Supplied information =
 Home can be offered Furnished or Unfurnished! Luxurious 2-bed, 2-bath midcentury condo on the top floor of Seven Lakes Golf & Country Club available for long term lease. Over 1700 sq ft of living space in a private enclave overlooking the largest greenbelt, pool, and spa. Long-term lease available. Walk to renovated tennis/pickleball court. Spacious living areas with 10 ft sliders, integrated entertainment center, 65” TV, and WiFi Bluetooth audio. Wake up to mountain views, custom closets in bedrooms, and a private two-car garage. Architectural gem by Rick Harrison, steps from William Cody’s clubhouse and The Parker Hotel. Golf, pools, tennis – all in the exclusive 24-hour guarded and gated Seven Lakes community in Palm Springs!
---
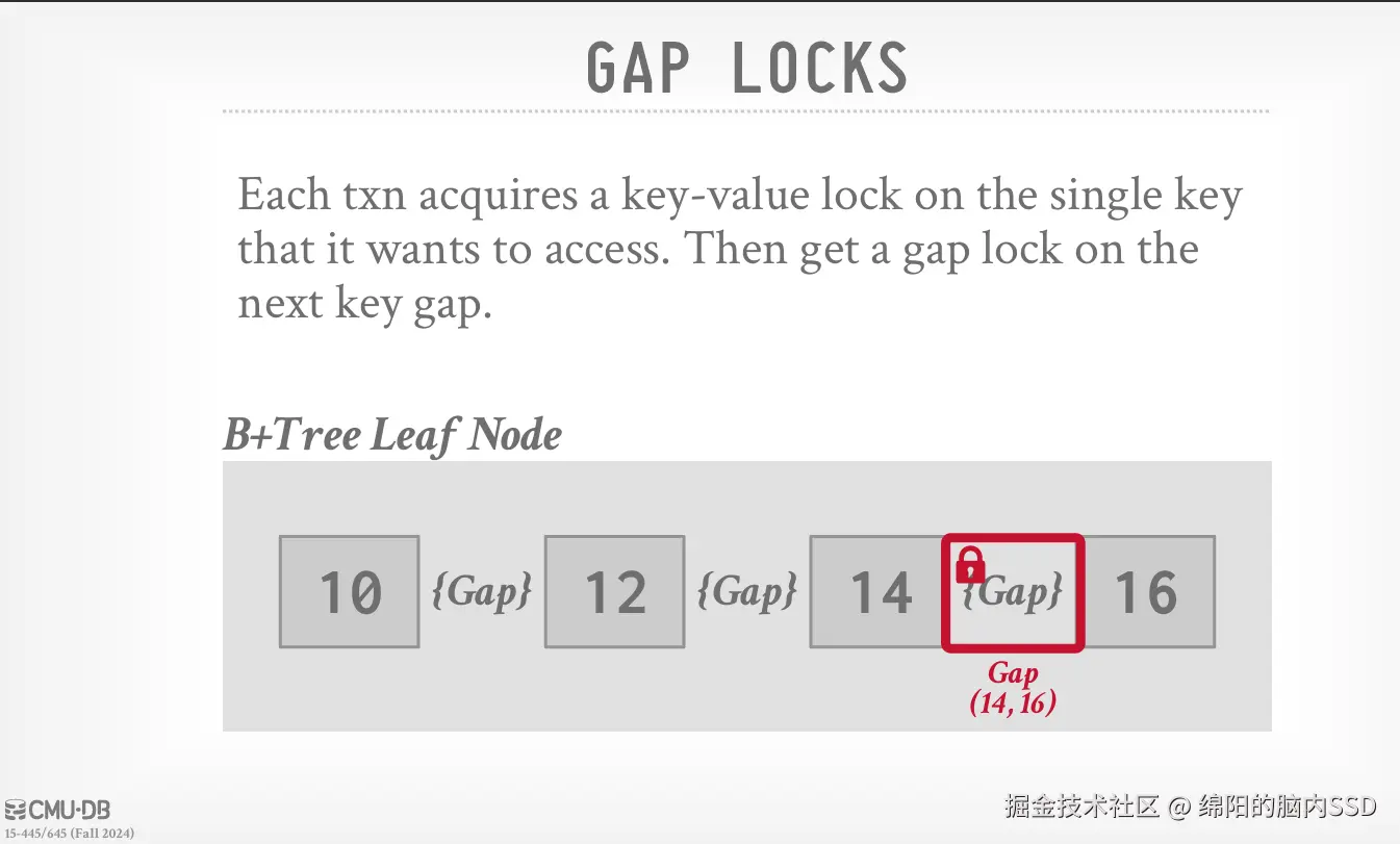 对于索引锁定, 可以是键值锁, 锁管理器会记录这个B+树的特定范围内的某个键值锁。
* * *
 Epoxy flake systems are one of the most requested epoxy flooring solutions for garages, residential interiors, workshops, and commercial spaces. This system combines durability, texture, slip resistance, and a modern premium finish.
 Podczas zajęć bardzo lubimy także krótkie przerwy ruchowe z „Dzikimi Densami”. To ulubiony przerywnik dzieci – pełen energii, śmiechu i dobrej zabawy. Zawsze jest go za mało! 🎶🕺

Work to complete = Every line above from the line with "Epoxy flake systems" to the line with "Podczas zajęć bardzo", inclusive, must be returned exactly; no other line belongs in the reply.

Response to this task =
 Epoxy flake systems are one of the most requested epoxy flooring solutions for garages, residential interiors, workshops, and commercial spaces. This system combines durability, texture, slip resistance, and a modern premium finish.
 Podczas zajęć bardzo lubimy także krótkie przerwy ruchowe z „Dzikimi Densami”. To ulubiony przerywnik dzieci – pełen energii, śmiechu i dobrej zabawy. Zawsze jest go za mało! 🎶🕺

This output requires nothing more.